The thermostable enzyme β-Galactosidase was isolated from the extreme thermophile archaebacterial S. solfataricus strain MT-4. This enzyme is used in many industrial processes of lactose-containing fluids by purifying and stabilizing their physiochemical properties.

=== Proteases ===
Industry is interested in stable proteases, and a number of Sulfolobus proteases have been studied. An active aminopeptidase associated with the chaperonin of S. solfataricus MT4 was described. Sommaruga et al. improved the stability and reaction yield of a carboxypeptidase from S. solfataricus MT4 with magnetic nanoparticles in 2014, immobilizing the enzyme.

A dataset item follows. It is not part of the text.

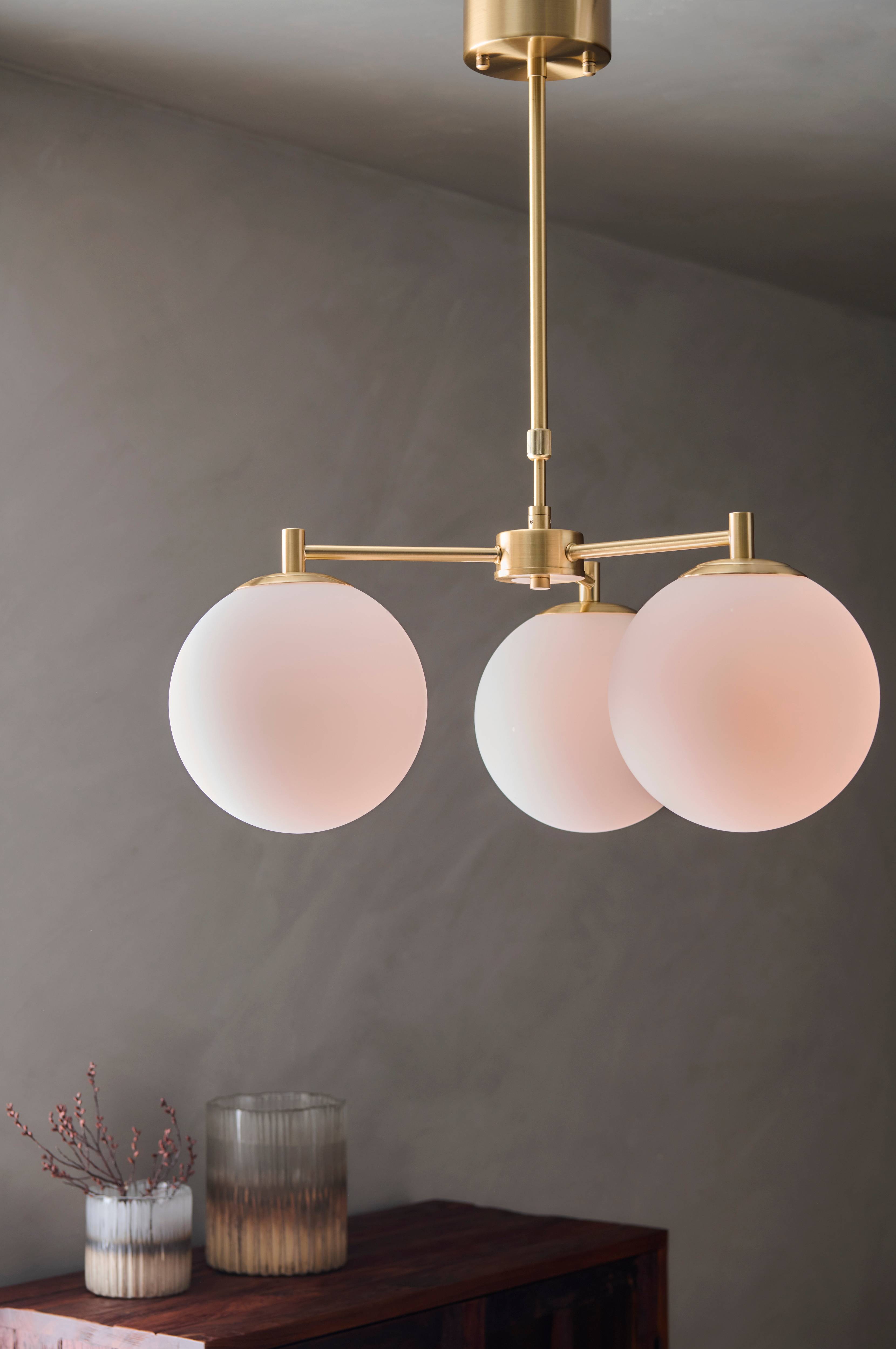 Elegantti kattovalaisin metallia. Valkoiset mattapintaiset opaalilasikuvut. Kolme vartta, joissa kussakin kupu. Kuvut kiinnitetään/irrotetaan ruuvilla. Halkaisija 20 cm. Kokonaishalkaisija alhaalta 60 cm. Metalliputken korkeutta voi säätää, valaisimen enimmäiskorkeus on 92 cm ja vähimmäiskorkeus 62 cm. Iso lampunkanta 3xE27. Enintään 40 W. Kattokupu ja ripustuskoukku, K 6 x halkaisija 12 cm.

=== Esterases and lipases ===

A thermostable extracellular lipolytic enzyme serine, arylesterase, was noted for its hydrolysis of organophosphates from the thermoacidophilic archaeon S. solfataricus P1.

=== Chaperonins ===

In reaction to temperature shock (50.4 °C) in E. coli cells, a tiny warm stun protein (S.so-HSP20) from S.solfataricus P2 has been used to improve tolerance to temperature.
Since chaperonin Ssocpn (920 kDa), which includes adenosine triphosphate (ATP), K+, and Mg^{2} +, has not produced additional proteins in S. solfataricus to supply collapsed and dynamic proteins from denatured materials. It was stored on an ultrafiltration cell while the renatured substrates were moving through the film.

=== Liposomes ===

Because of its tetraether lipid material, the membrane of extreme thermophilic Archaea is unique in composition. Archaea lipids are a promising source of liposomes with stable temperature and pH and tightness against the leakage of solute, and are possible instruments for the delivery of medicines, vaccines, and genes.